**DATA**
--- START ---

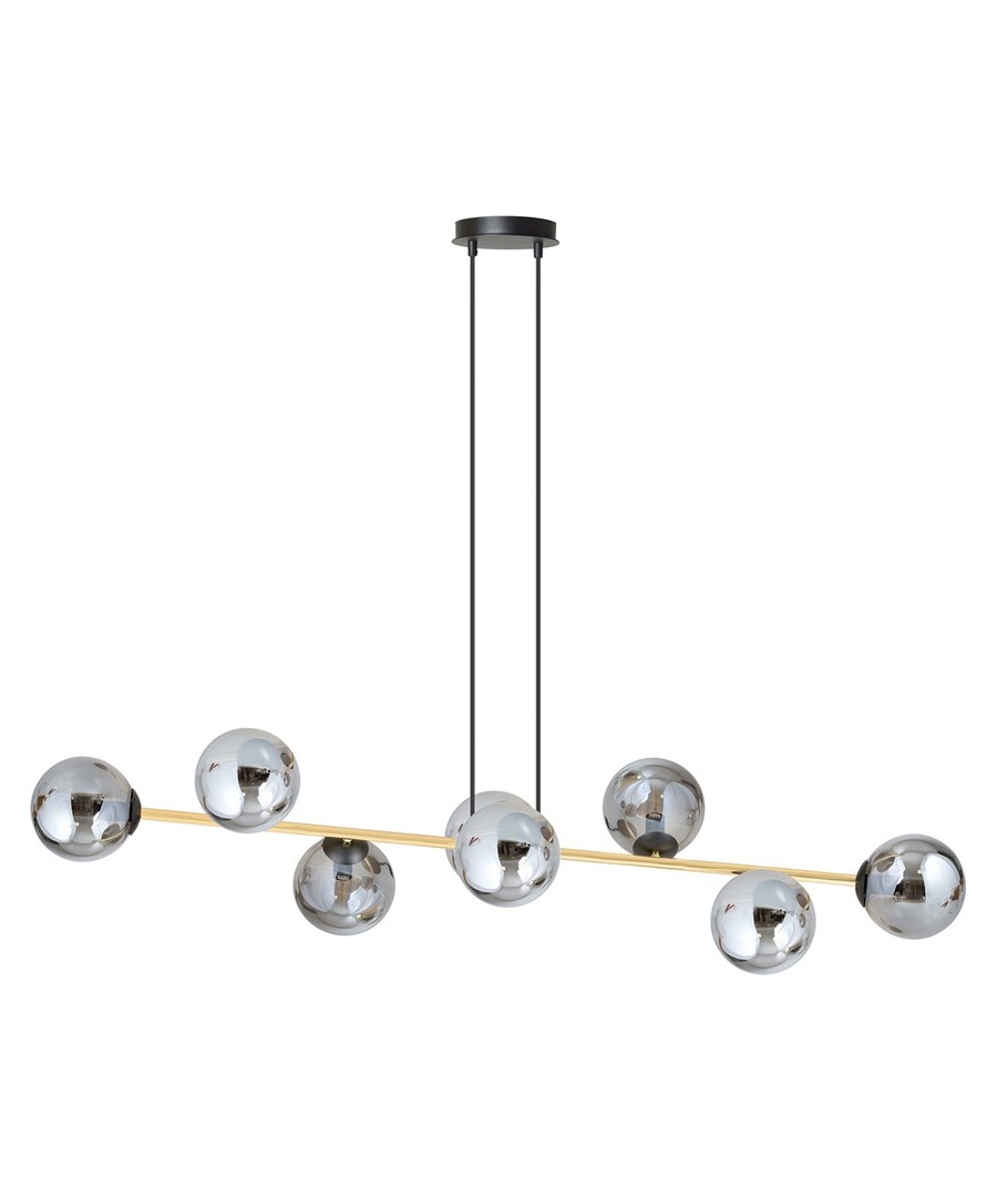 Gravity 8 Sort/Grafit pendellampen er den ultimate kombinasjonen av moderne minimalisme og glamorøse gullakenter, som gir din innredning en helt spesiell eleganse. Denne taklampen er ideell for både moderne og klassiske rom og skaper en atmosfære av raffinement og stil. Laget av materialer i høyeste kvalitet sikrer Gravity-lampen ikke bare et holdbart design, men også en vedvarende estetisk appell. Det delikate samspillet mellom den minimalistiske formen og gullets glans gir rommet et livfullt og sofistikert uttrykk.
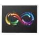 Oändlighetssymbolen är konstnärligt målad med snabba, ljusa, lysande regnbågsfärgade kometer med långa flexibla svansar på svart bakgrund. Regnbågens oändlighet.
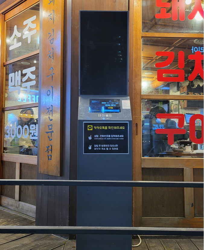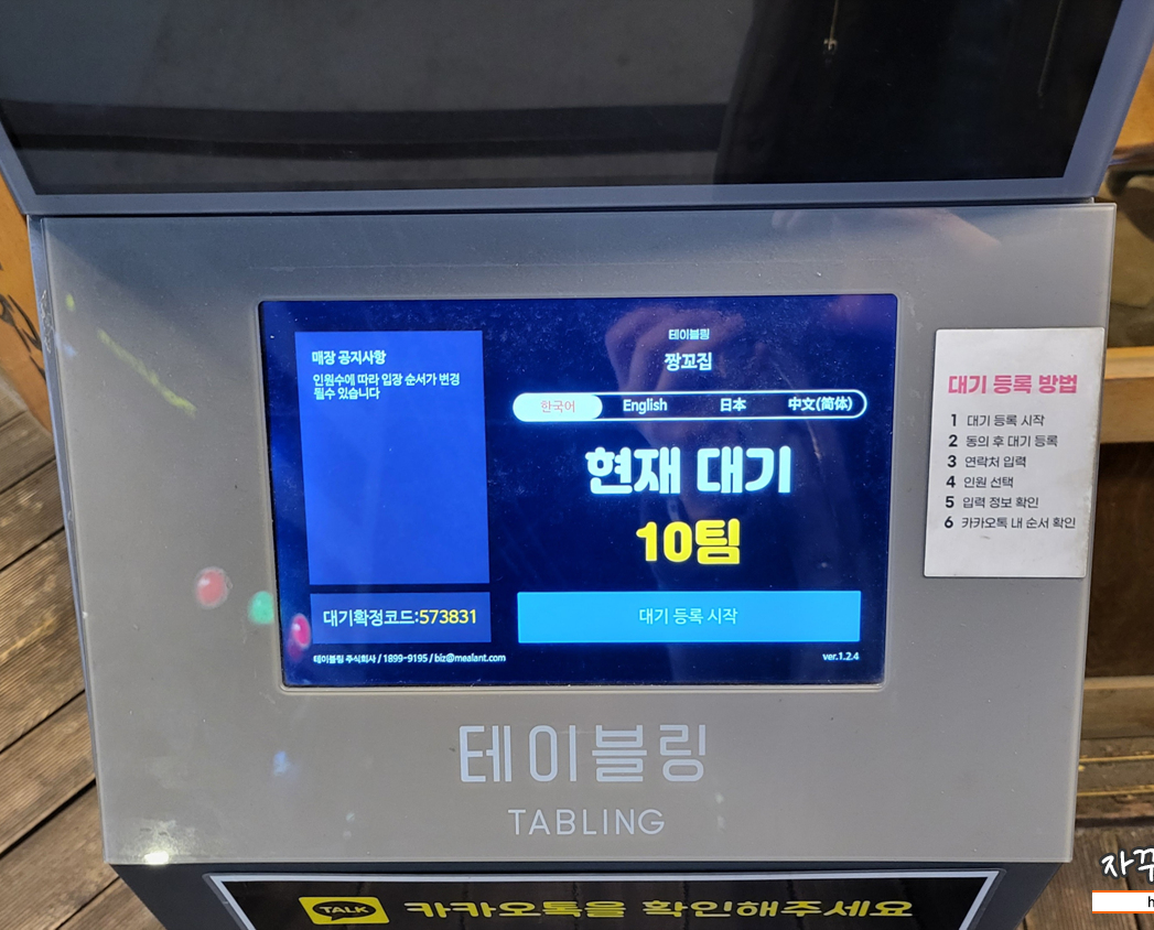제가 평일 저녁에 장꼬집을 방문했는데, 자리는 만석이네요. 그리고 건물 밖에 있는 예약기기를 통해서 예약해야 한다고 합니다. 하필 LG 태블릿은 다운되어 있고, 직원분들 불러 리셋하고 예약합니다. 이름과 전화번호를 입력하면 카카오톡 알림톡을 통해 예약현황 및 안내가 오네요.

--- END ---

**TASK GOAL**
The output has to match the data above line for line, except that pictures are dropped.

**YOUR RESPONSE**
 Gravity 8 Sort/Grafit pendellampen er den ultimate kombinasjonen av moderne minimalisme og glamorøse gullakenter, som gir din innredning en helt spesiell eleganse. Denne taklampen er ideell for både moderne og klassiske rom og skaper en atmosfære av raffinement og stil. Laget av materialer i høyeste kvalitet sikrer Gravity-lampen ikke bare et holdbart design, men også en vedvarende estetisk appell. Det delikate samspillet mellom den minimalistiske formen og gullets glans gir rommet et livfullt og sofistikert uttrykk.
 Oändlighetssymbolen är konstnärligt målad med snabba, ljusa, lysande regnbågsfärgade kometer med långa flexibla svansar på svart bakgrund. Regnbågens oändlighet.
제가 평일 저녁에 장꼬집을 방문했는데, 자리는 만석이네요. 그리고 건물 밖에 있는 예약기기를 통해서 예약해야 한다고 합니다. 하필 LG 태블릿은 다운되어 있고, 직원분들 불러 리셋하고 예약합니다. 이름과 전화번호를 입력하면 카카오톡 알림톡을 통해 예약현황 및 안내가 오네요.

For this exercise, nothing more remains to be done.